Peter Pund
- Pund, "The Yellow Assassin", c. 1929

No. 15, 47, 71
- Position: Center

Personal information
- Born: January 27, 1907 Augusta, Georgia, U.S.
- Died: October 17, 1987 (aged 80) Darien, Connecticut, U.S.
- Listed height: 6 ft 0 in (1.83 m)
- Listed weight: 182 lb (83 kg)

Career information
- High school: Richmond Academy
- College: Georgia Tech (1927–1928);

Awards and highlights
- National champion (1928); 2× SoCon champion (1927, 1928); Consensus All-American (1928); 2× All-Southern (1927, 1928); Tech All-Era Team (William Alexander Era); Georgia Sports Hall of Fame (1977);
- College Football Hall of Fame

= Peter Pund =

American football player (1907–1987)

Henry Rudolph "Peter" Pund (January 27, 1907 – October 17, 1987) was an American college football player. He was elected to the Georgia Tech Hall of Fame in 1958, the Georgia Sports Hall of Fame in 1977, and the College Football Hall of Fame in 1963. Pund was never penalized. At Georgia Tech, he was a member of the Sigma Alpha Epsilon fraternity.

==Biography==
A native of Augusta, Pund was captain of the national champion 1928 Golden Tornado. "I sat at Grant Field and saw a magnificent Notre Dame team suddenly recoil before the furious pounding of one man–Pund, center," said legendary coach Knute Rockne. "Nobody could stop him.
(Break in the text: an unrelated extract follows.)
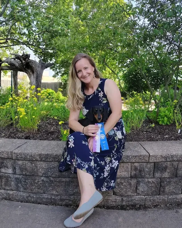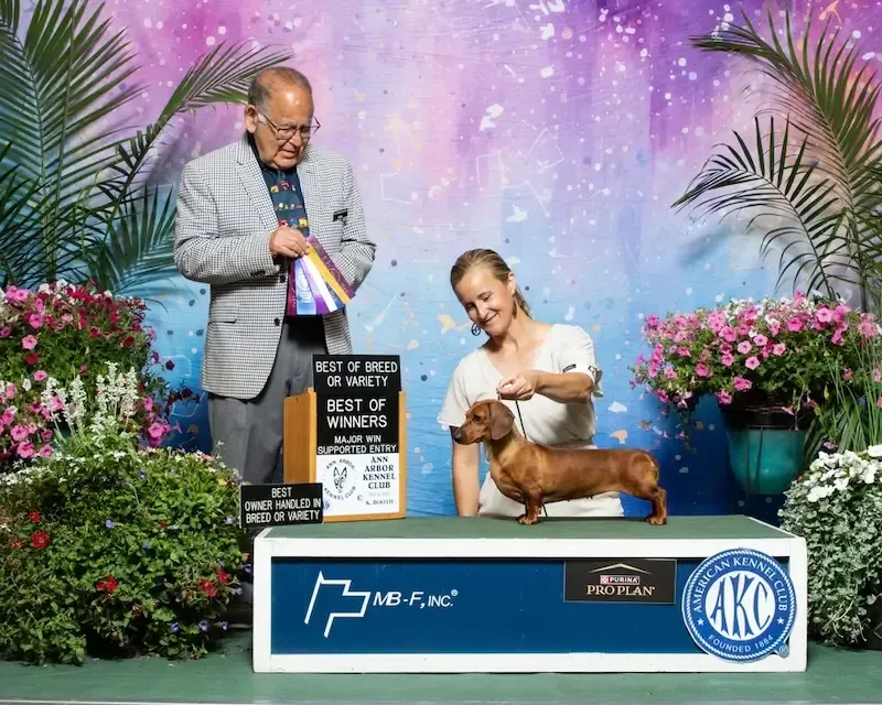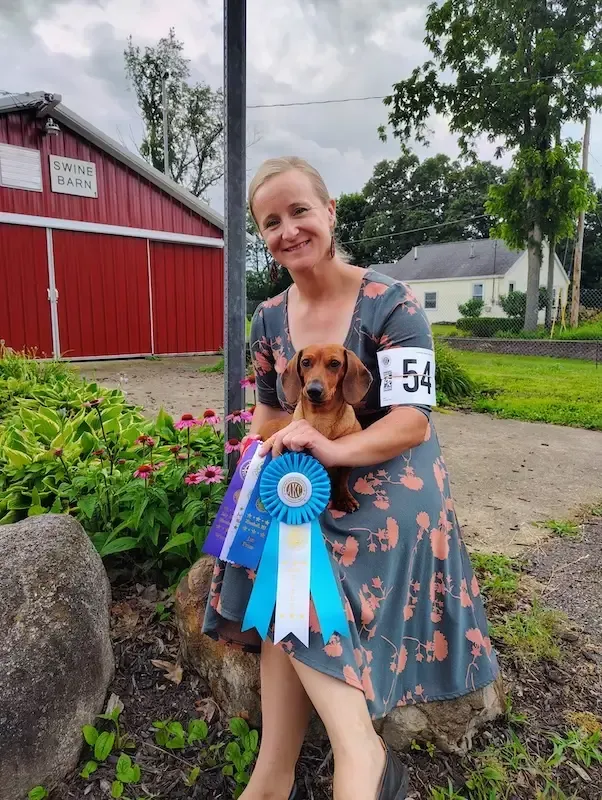 Milka is the beautiful result of a breeding partnership with our mentor, Laura Abbott Licht of Petalpusher Dachshunds. She is a daughter of our beloved Maple. Milka is maturing into a wonderful dog with excellent structure and a happy temperament. She is currently excelling in the show ring and is on the verge of completing her AKC Championship, requiring just one final major win to earn the title. When she's not out competing in the show ring, you can find her curled up on the couch under a blanket.

I counted 20 scoring plays that this man ruined." After the 1929 Rose Bowl, Pund called "Wrong way" Roy Riegels "the best center I have played against all year. He's a battler, and he never quit."

Pund died September 17, 1987, in Darien, Connecticut. He was cremated. There is a marker for him at Magnolia Cemetery in Atlanta, Georgia.